Matthew Hughes: Template

There are many refreshing things about Matthew Hughes’ novels: The old-style galactic empire feel of the setting, and quirky sense of humor he puts into his writing, and even the brevity of his novels, which pack a lot of ideas and plot into stories typically under 300 pages. Template weighs in at under 200 pages, yet it’s not only one of his best, but it’s an excellent introduction to his Archonate universe.

Conn Labro is a professional duelist on the world of Thrais, and also an indentured servant on a world where everything is for sale. But when his owner and patron is killed, Conn is bought by an off-world consortium – or nearly so, as a man he’s gamed with weekly for his entire life has also been murdered, and willed Conn enough money to pay off his debt. More significantly, he’s given Conn a bearer chip which seems to be what the assassins are after. Accompanied by a woman from Old Earth, Jenore Mordene, Conn leaves Thrais to learn what his friend really left him, but he also finds the galaxy to be a much more diverse place than he’d ever expected.

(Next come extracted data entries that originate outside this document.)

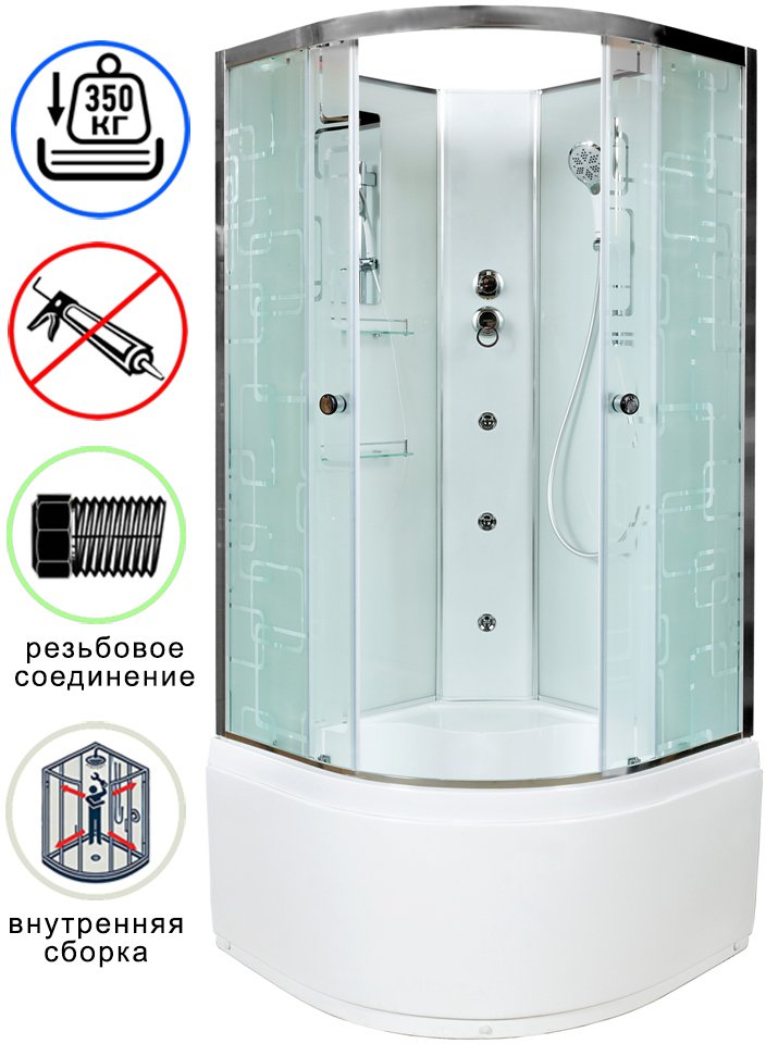 душевая кабина avacan em4510ngm ava 100x100 б/к с гидромассажем, стекла с узором, профиль хром
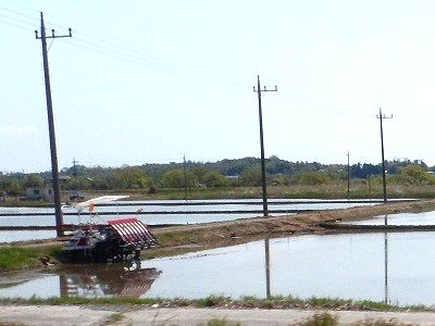 この雨にやられてエンジン・・・というかセルモーターがいかれてしまったわけではないのですが、それも即座に修理できたので、不要不急ではない業務で走っている郊外は田植えの風景です。ところにより昨年の台風被害で農業用水を引いてこられない地域もありますが、今年は「総出で」できないことの方が大変そう。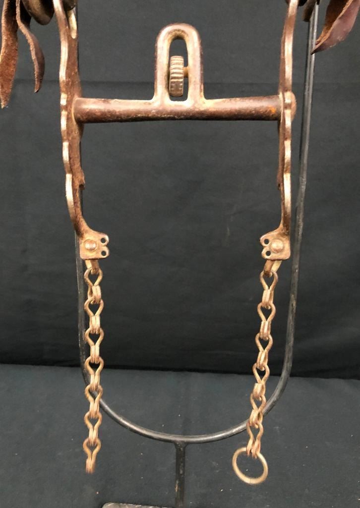 Up for consideration in this lot is an old spotted leather cowboy bridle with Buermann Bird bit. The bridle features metal dots and conchos in the design. Maker: Buermann. Approx. Age: Early 1900s. Size: Bit: mouth 4-3/4 inches wide. Overall is 6 inches long. Headstall is standard horse. Condition: Fair for its age, wear expected. Please look closely at the pictures - they are an important part of our description. Shipping: There will be a $10 handling / packaging fee for shipping this lot. The actual cost of postage will be added on top of that. BUY IT NOW: If you would like to buy this item now without waiting for the auction to end (this option is only available up to 48 hours before the auction starts to close), the “Buy it Now” price is the high estimate of this lot. If you would like to end the auction early and pay the high estimate (plus applicable fees), please contact us by phone or email and reference this lot number.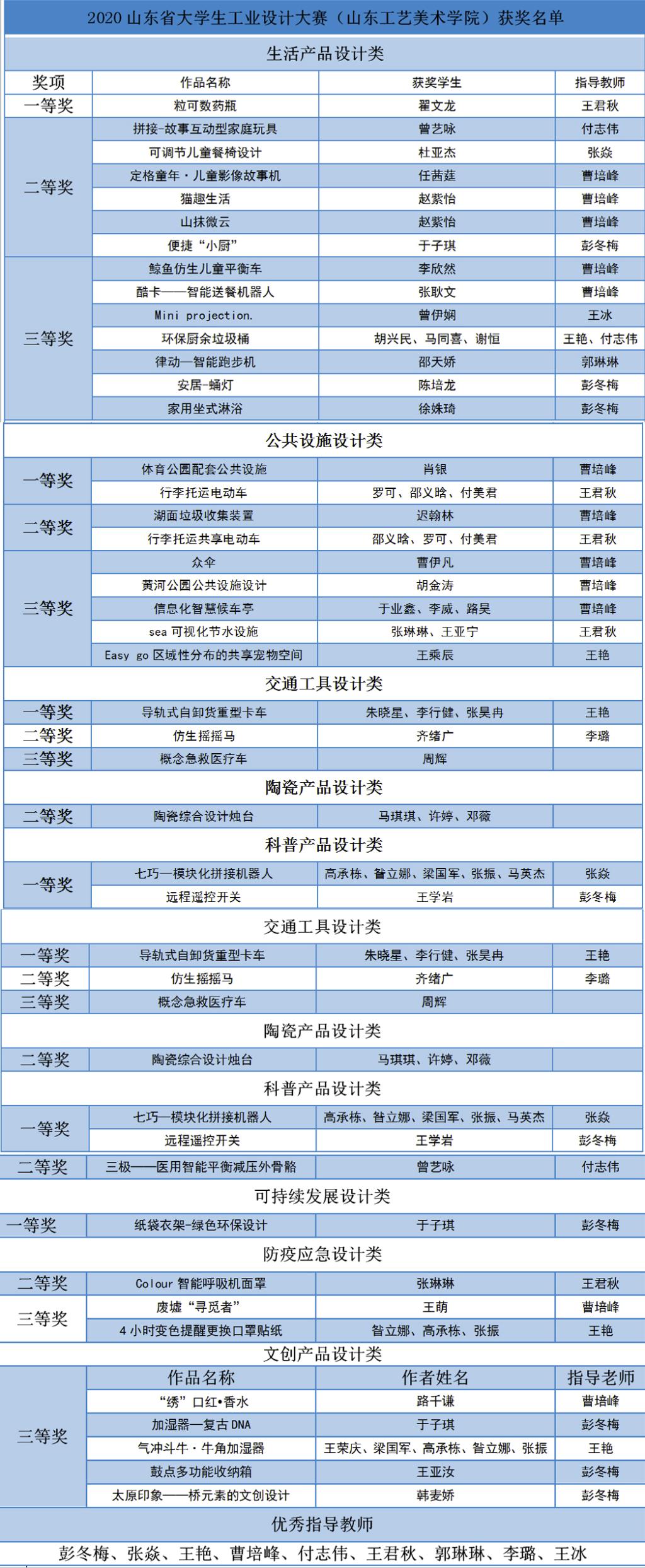在近日举行的“山东省大学生工业设计大赛”中,工业设计学院教学团队积极组织18级学生参与比赛。在大赛的八个类别中,工业设计学院学生共获得一等奖7项,二等奖12项,三等奖20项;9位老师获评优秀指导教师,取得可喜成绩。

Template wanders all over the place, and yet it’s a pretty terrific book. Initially I’d summarize Conn Labro as being “a Libertarian Mr. Spock”: His upbringing on Thrais makes him believe that all aspects of human endeavor of transactional, things being bought, sold and exchanged, and that anything else is irrational. Yet every other world is considerably different from Thrais, not least the archipelago on Old Earth where Jenore grew up, which is based around art and lacks monetary currency. Hughes comes up with a nifty way to consider different cultures in the Archonate via a brother and sister who have come up with the idea that every human society is based on one of the seven deadly sins. It’s a fun mental exercise.

Conn’s story is his personal odyssey to learn where he comes from (and why that matters), and where he belongs. So he has to grow emotionally to understand how to relate to other people, and a lot of the suspense comes from him making some poor choices along the way. For much of the book he has Jenore to help guide him and inform him, but eventually he has to control his own destiny. Fortunately he’s not without skills of his own (professional duelist, remember?).

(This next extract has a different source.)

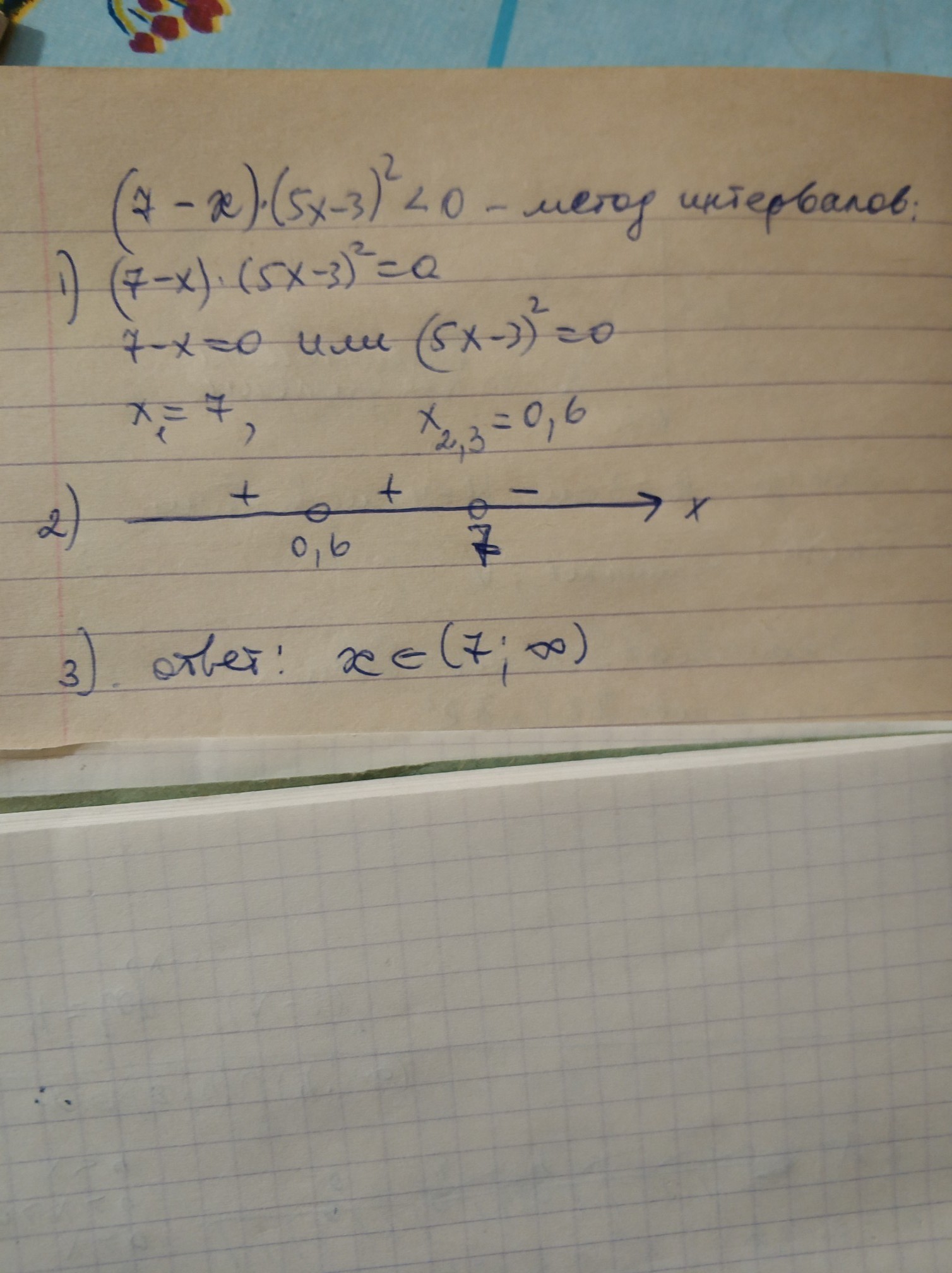 (7-x)(5x-3)^2 < 0 помогите пожалуйста

While the book drags a bit in the middle when Conn and Jenore are on Old Earth and the plot doesn’t move forward very much (what does it mean when a book under 200 pages “drags a bit in the middle”?), and one could argue that the cultures Hughes portrays are too simplistic to be plausible, it’s still a really fun story. And besides, Hughes at his best – and this is him at his best – portrays both the people and the cultures of the Archonate as a little absurd, having a bit of the feel of a fable even in an otherwise serious story. (It’s not so different from, say, the races in John Scalzi’s Old Man’s War series, actually.)

Overall Template is one of Hughes’ best books, and should appeal to anyone who likes space opera, adventure, or just good old galactic empire science fiction.

2 thoughts on “Matthew Hughes: Template”

  1. Matthew Hughes comments on this review on his news page:

    Although, technically, the Ten Thousand Worlds are not an empire; as far as I can tell, each world is self-governing, but I’ve only visited a few so far.

    A fair point. I haven’t quite figured out how the Archonate relates to the rest of the Ten Thousand Worlds – does it only rule Old Earth? That’s how it seems to play out in the books, but I haven’t been to clear on it.

    When I say “galactic empire science fiction” I’m thinking of authors like Isaac Asimov’s Foundation books, H. Beam Piper’s future history stories, Iain Banks’ Culture novels, and the like. It’s true that both of those examples have a galactic empire (in varying stages of formation or decay), while the Ten Thousand Worlds apparently do not. But intrinsic feel of a diverse humanspace is still there, though, and the Archonate itself provides a strong “empire-like feel” – even though I guess it’s not a galactic empire – because the stories spend so much time on Old Earth.

    In other words, if you think of what the novels featuring galactic empires feel like, then I think you’ll find a lot of that in the Archonate stories. But you’ll find a lot of different stuff, too (it’s hard to imagine two SF writers more different in style than Matthew Hughes and Iain Banks, for instance).

  2. Long, long ago, in the first draft of the first Archonate novel, Fools Errant, I referred to the Archon as “ruler of those parts of Old Earth still inhabited by human beings.”

    As the whole thing has developed into umpteen stories and novels, I’ve used “the Archonate” as a handy catch-all term for this entirely improbable far-future civilization that occupies our arm of the galaxy. In that milieu, Old Earth has become a forgotten little corner of The Spray, with only a decided minority of the inhabitants of the Ten Thousand Worlds having, at best, even vaguely heard of the place. A number of other planets have been put forward as the original human homeworld, not that anyone much cares. Put it this way: Old Earth means about as much to the Ten Thousand Worlds as Uruk does to us.

    The models for the Ten Thousand Worlds are, of course, Jack Vance’s Gaean Reach and Alastor Cluster novels. But in my teens — also long, long ago — I used to read all the Galactic Empire pedlars — Heinlein, Asimov, Blish, et al. — and I’m sure bits of them have stuck to the walls in the back of my mind.